Sin embargo, funcionarios reconocen que aún no existe una hoja de ruta clara definida por la Casa Blanca, lo que introduce incertidumbre en el proceso.

La designación de la diplomática Laura Dogu al frente de la Unidad de Asuntos Venezolanos busca aportar experiencia y continuidad durante esta etapa de transición.
Desde esa unidad, que operó en Bogotá durante los últimos años, se coordina el regreso progresivo de personal estadounidense al país.
El presidente Donald Trump ha manifestado su intención de que empresas petroleras estadounidenses retomen operaciones en Venezuela y participen en su reconstrucción económica.
No obstante, la situación de seguridad sigue siendo un factor determinante. Los diplomáticos carecen de entrenamiento para operar en entornos de alto riesgo, lo que explica por qué la agencia asumiría un papel dominante en el corto plazo.

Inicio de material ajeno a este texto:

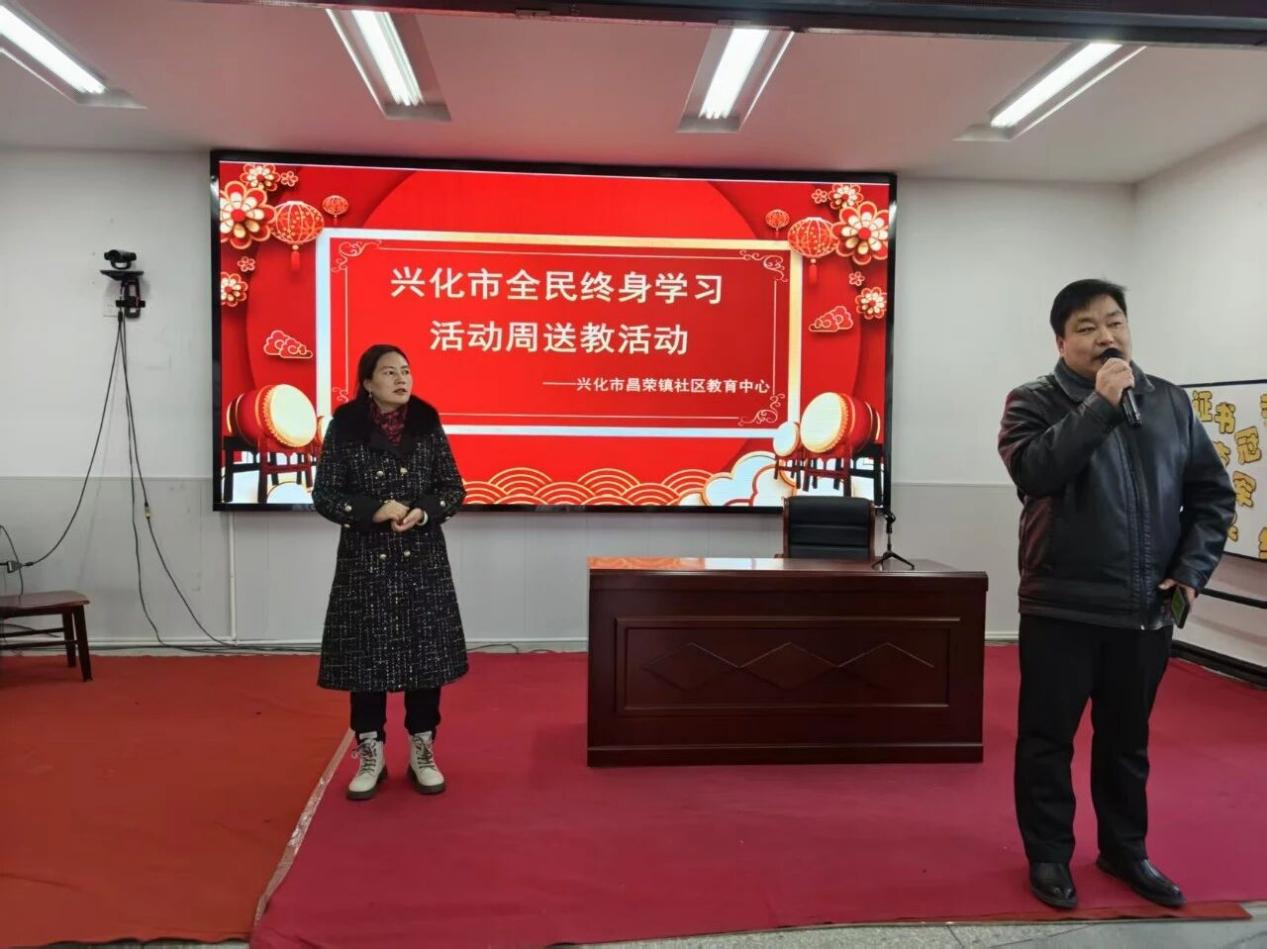 1月12日下午,兴化市全民终身学习活动周送教活动在兴化市昌荣中心校多功能教室开展。活动由兴化中专高春丽老师和栾国杰老师做讲座,邀请了学生家长参加。周增平校长主持活动。

Resta observar cómo reaccionará la sociedad venezolana ante una presencia más visible de la agencia , históricamente utilizada por el chavismo como símbolo de injerencia extranjera. Lo cierto es que, tras años de distancia, Estados Unidos vuelve a mover piezas clave en Venezuela, con la inteligencia como herramienta central para moldear el nuevo escenario político y estratégico del país.